ACTIVITY: Repeat, word for word, every line from the line holding "본 공연에는 지역의 60세" through the final line of the entries below. Skip all pictures.

(Records from a collection)
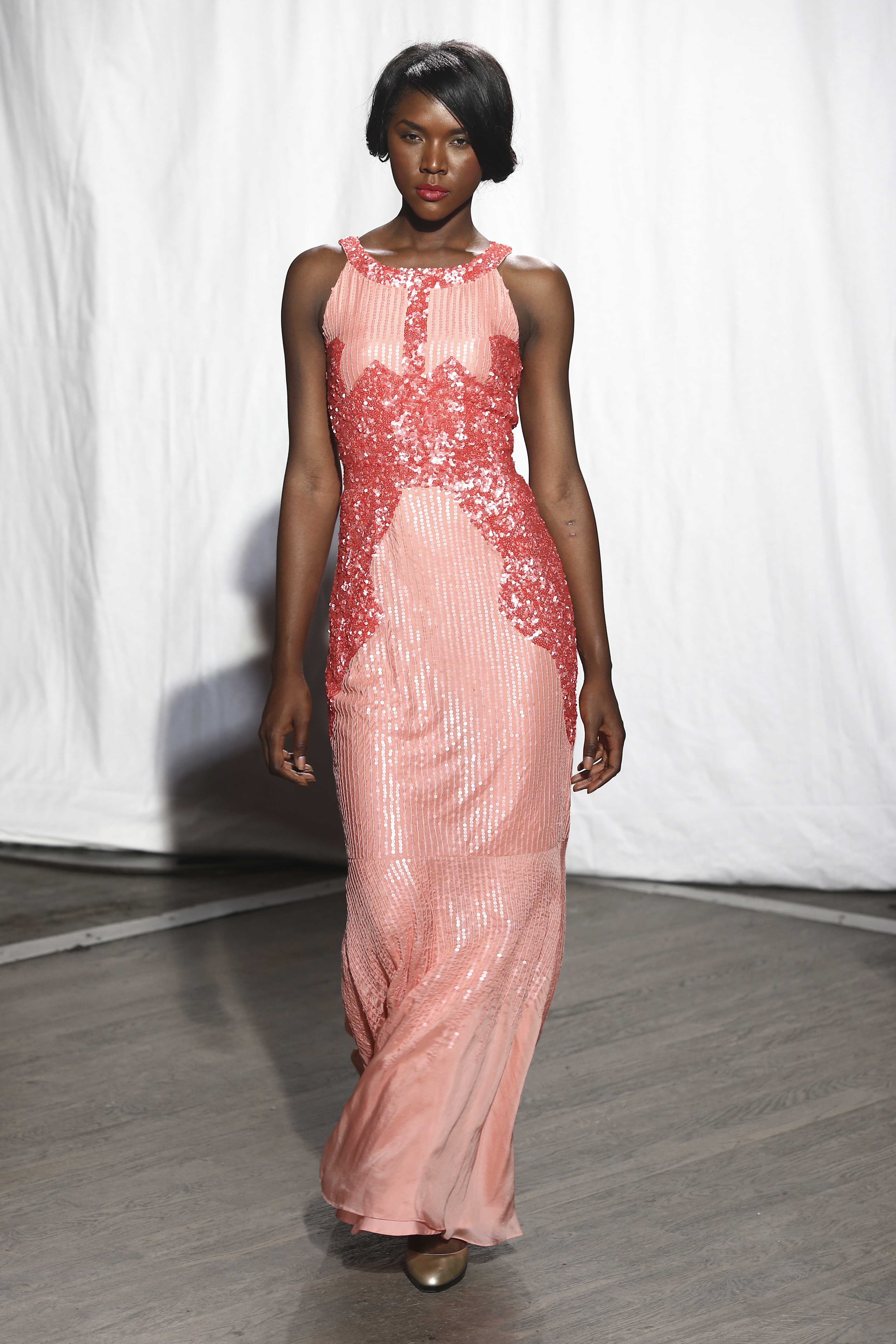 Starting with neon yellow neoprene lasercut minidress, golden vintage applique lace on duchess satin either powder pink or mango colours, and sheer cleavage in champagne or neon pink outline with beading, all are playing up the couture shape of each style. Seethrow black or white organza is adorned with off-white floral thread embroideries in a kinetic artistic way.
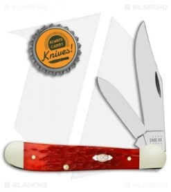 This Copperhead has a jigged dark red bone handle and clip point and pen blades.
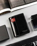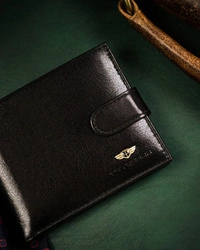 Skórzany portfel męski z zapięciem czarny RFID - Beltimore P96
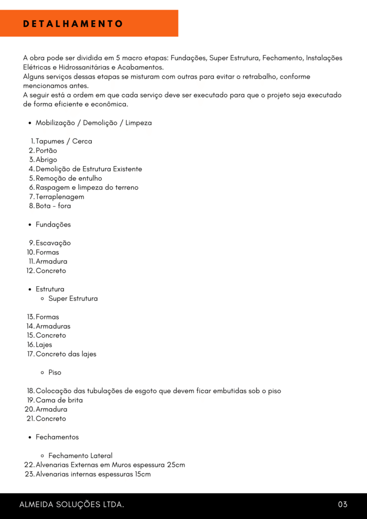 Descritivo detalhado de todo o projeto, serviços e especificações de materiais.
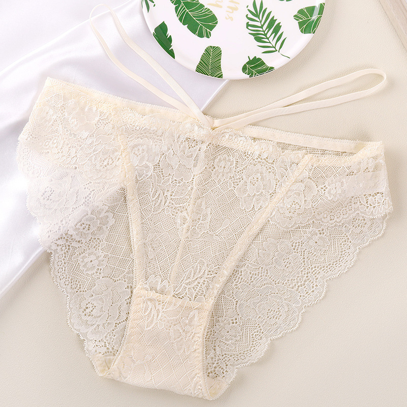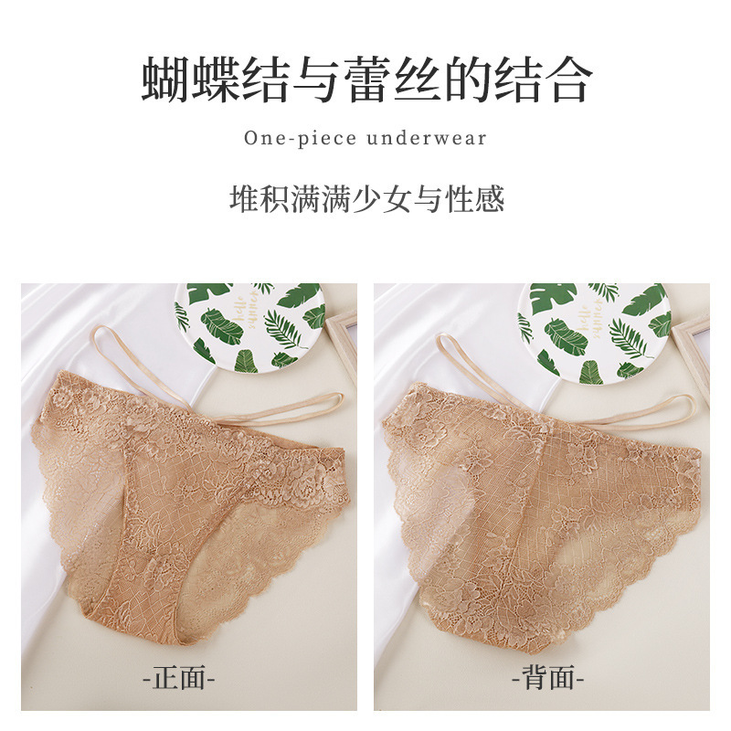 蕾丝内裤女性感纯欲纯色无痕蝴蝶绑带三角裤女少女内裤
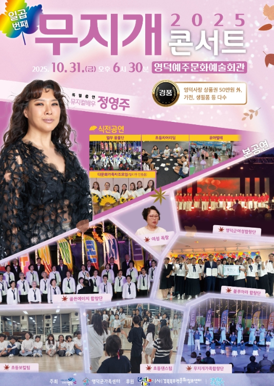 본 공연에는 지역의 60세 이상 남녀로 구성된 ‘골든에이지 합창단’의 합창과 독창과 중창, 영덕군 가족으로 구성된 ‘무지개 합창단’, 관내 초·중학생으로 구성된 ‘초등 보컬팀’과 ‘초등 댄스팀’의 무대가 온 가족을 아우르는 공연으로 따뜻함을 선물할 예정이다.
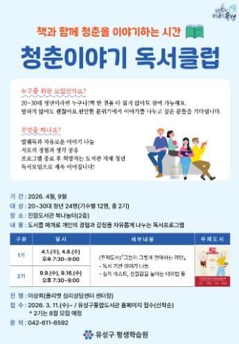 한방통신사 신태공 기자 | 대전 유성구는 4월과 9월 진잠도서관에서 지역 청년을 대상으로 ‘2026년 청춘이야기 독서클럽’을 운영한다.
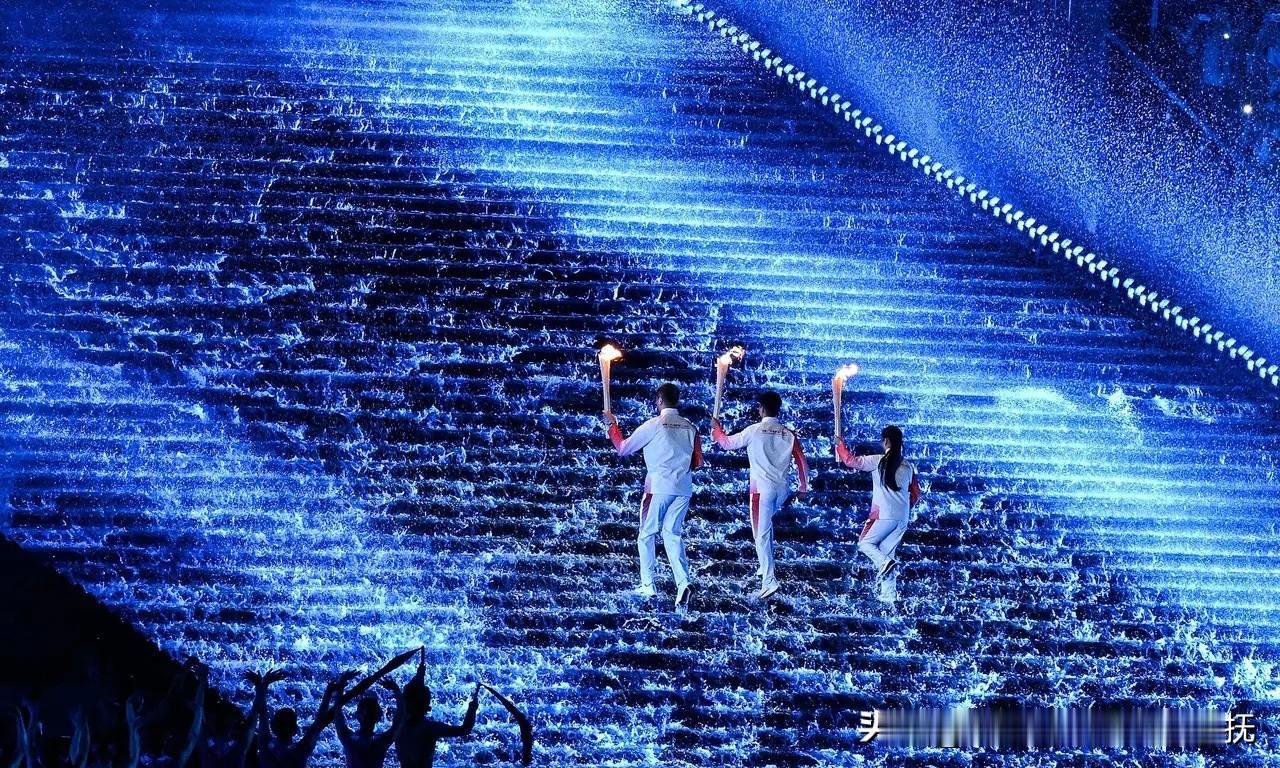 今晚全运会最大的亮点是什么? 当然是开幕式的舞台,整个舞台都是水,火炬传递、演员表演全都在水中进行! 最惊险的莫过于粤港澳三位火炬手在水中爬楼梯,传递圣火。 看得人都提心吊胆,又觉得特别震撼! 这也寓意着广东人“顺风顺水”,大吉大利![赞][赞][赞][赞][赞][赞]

OUTPUT FOR THIS EXERCISE:
 본 공연에는 지역의 60세 이상 남녀로 구성된 ‘골든에이지 합창단’의 합창과 독창과 중창, 영덕군 가족으로 구성된 ‘무지개 합창단’, 관내 초·중학생으로 구성된 ‘초등 보컬팀’과 ‘초등 댄스팀’의 무대가 온 가족을 아우르는 공연으로 따뜻함을 선물할 예정이다.
 한방통신사 신태공 기자 | 대전 유성구는 4월과 9월 진잠도서관에서 지역 청년을 대상으로 ‘2026년 청춘이야기 독서클럽’을 운영한다.
 今晚全运会最大的亮点是什么? 当然是开幕式的舞台,整个舞台都是水,火炬传递、演员表演全都在水中进行! 最惊险的莫过于粤港澳三位火炬手在水中爬楼梯,传递圣火。 看得人都提心吊胆,又觉得特别震撼! 这也寓意着广东人“顺风顺水”,大吉大利![赞][赞][赞][赞][赞][赞]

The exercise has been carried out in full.